My god, it's reallys gone beyond 'too far'.

I think whoever made the complaint or thought it was worth investigating should be made to pay the cost of this pointless exercise. Plus, sending six detectives in to investigate, they should sack whoever decided to do that.

Okay, I know child abuse is a very real and serious subject and I support anyone who's goal is to wipe it out, but how many officers do they send to real incidents.

The conflicting laws in England nowadays are ridiculess.

I was walking through Sheffield with a work mate on my lunch break a few months ago and I saw a mother and daughter (about 4 or 5 years) walking along the street, the daughter was acting up and generally pushing to see how far she could misbehave. The mother gave her a couple of warnings and she continued to 'act up', so she gave her a sharp slap to the back of the legs.

It was made to shock and sting, rather than cause harm.

Straight away the child stopped misbehaving and had a little "I've been told off" cry, both continued down street and nothing else happened, the child was now behaving "normally".

I've seen similar circumstances where the mother didn't do this but decided to use the phycological approach of "you know that you make mummy sad when you are naughty, now please behave because you don't want to make mummy sad" and watched the child continue to misbehave because they know that nothing will happen. Where is the reason in that, the kids thinking "hmm, if I 'play up', then she cries and I get off scott free, result".

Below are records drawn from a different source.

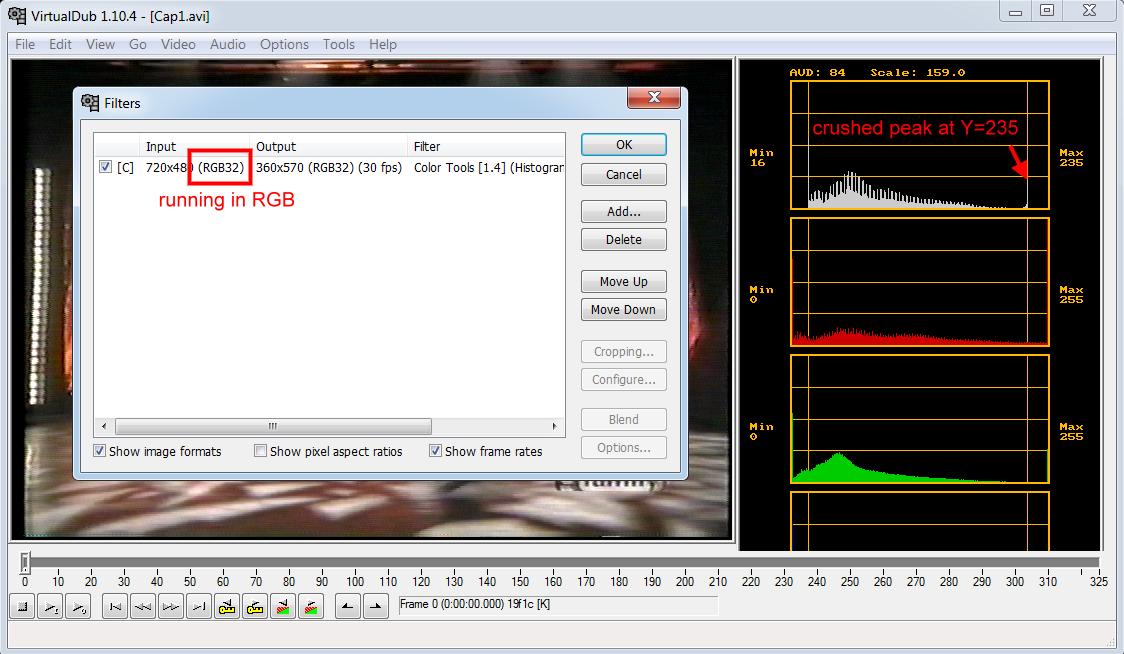 5. Used VirtualDub Color Tools to make one last adjustment to brightness & contrast. Saved result as HuffYUV.
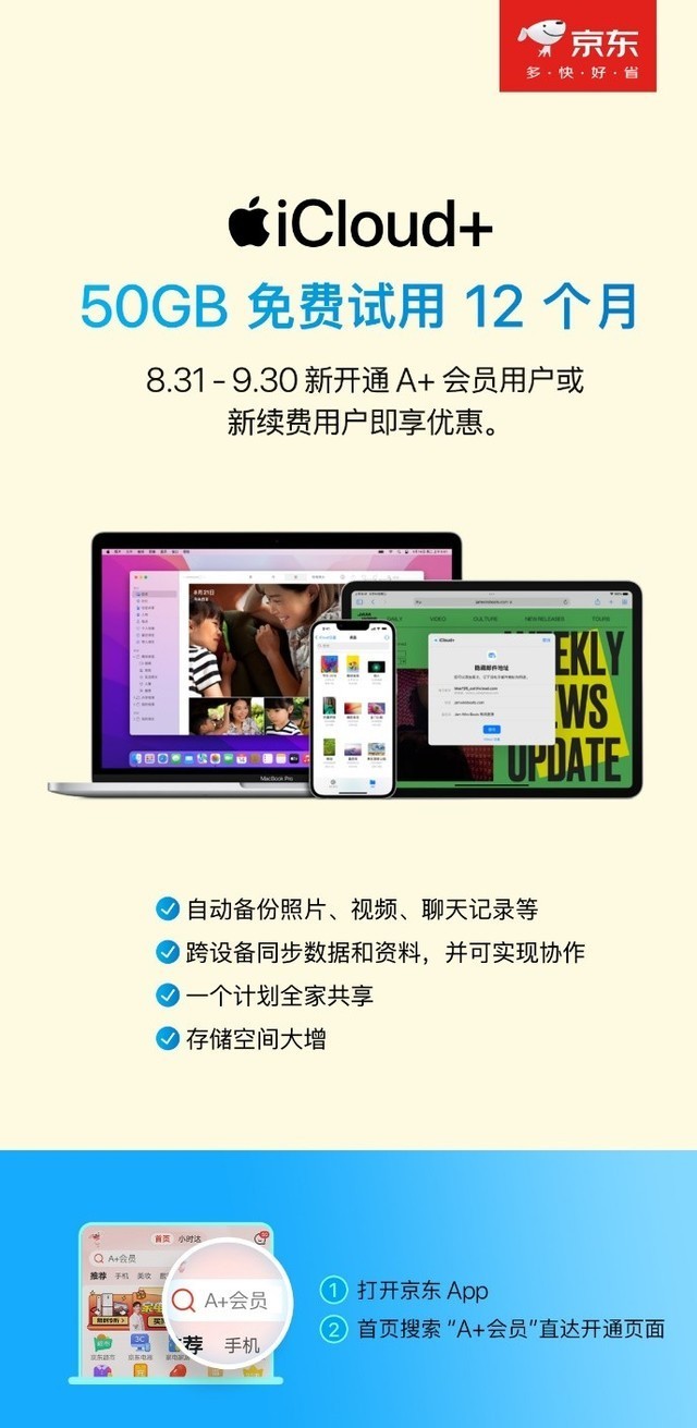 9月6日,京东A+会员限时上线新权益,在京东APP搜索“A+会员”,开通Apple产品京东自营旗舰店A+会员可免费获赠送价值72元的12个月iCloud+50GB会员,这是Apple品牌首次将iCloud+云空间授权给经销商作为会员权益使用,再次体现京东与Apple品牌之间的深度合作关系。
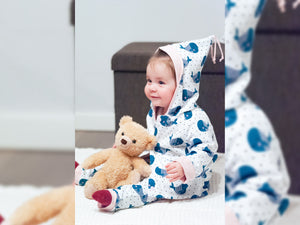 Weicher Baumwolljersey "Jesse" von Swafing Stoffe. Muster: Walfische Farbe: weiß - bunt Material: 95% Baumwolle / 5% ElastanBreite: 160cm Gewicht: 200g/m² Zertifizierung: Öko-Tex-Standard 100 Waschbar bei 30 Grad. Bitte immer auf Links waschen. Nicht in den Trockner geben und nur von Links bügeln auf Stufe 1.
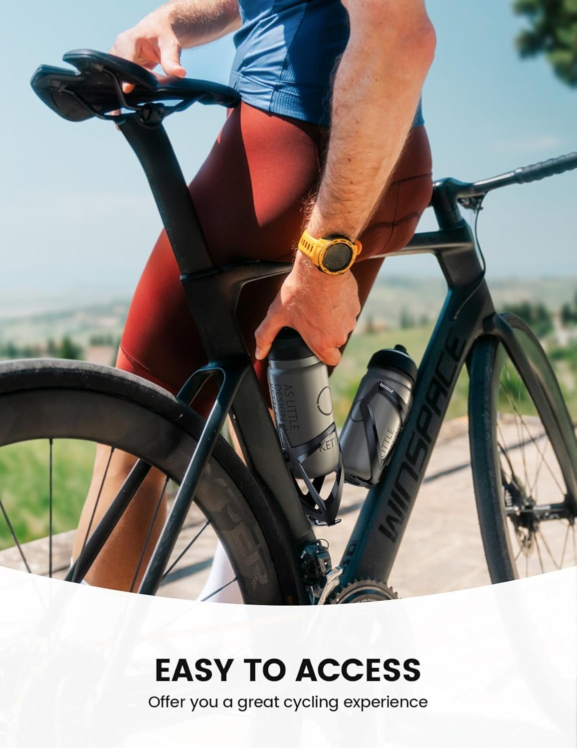 【 Great Bike Accessories】 This bike water holder is a good bike accessory that is perfect for long-distance rides, training sessions, or everyday commuting. A must-have accessory for staying hydrated and keeping your hands free while on the go.
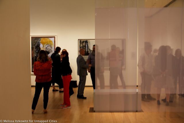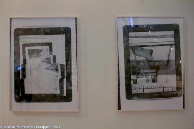 Another artist who pushes the boundaries of digital work is LA-based artist Andrea Longacre-White, who has two large black and white images of iPads on the wall immediately as you go downstairs. The images are slightly off-kilter and imperfect but attention-grabbing. Longacre-White actually took photographs of ICP’s interior, emailed the jpegs to herself, opened them on an iPad and placed it face-down on a flat-bed scanner. In the process, the iPad confused the heat from the scanner as a touch command and began shifting to another page. The result is a blurred image that seems to be commenting on the way different forms of technology interact with each other.
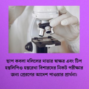 বাদী পক্ষে নিম্ম তফছিল বর্নিত ছাপ কবলা দলিলের দাতার স্বাক্ষর এবং টিপ হস্তলিপি ও হস্তরেখা বিশারদের নিকট পরীক্ষার জন্য প্রেরণের আদেশ পাওয়ার প্রার্থনা।

I come from a family where my father would gibe you a smack with the hand and when it was really deserved, a belt, to the arse to punish, only a few times, but enough to make sure you didn't get caught the next time (obviously it doesn't stop you misbehaving, it just make realise you should only do it when you can get away with it and those times are few and far between so you eventually stop doing whatever it was and grow out of it).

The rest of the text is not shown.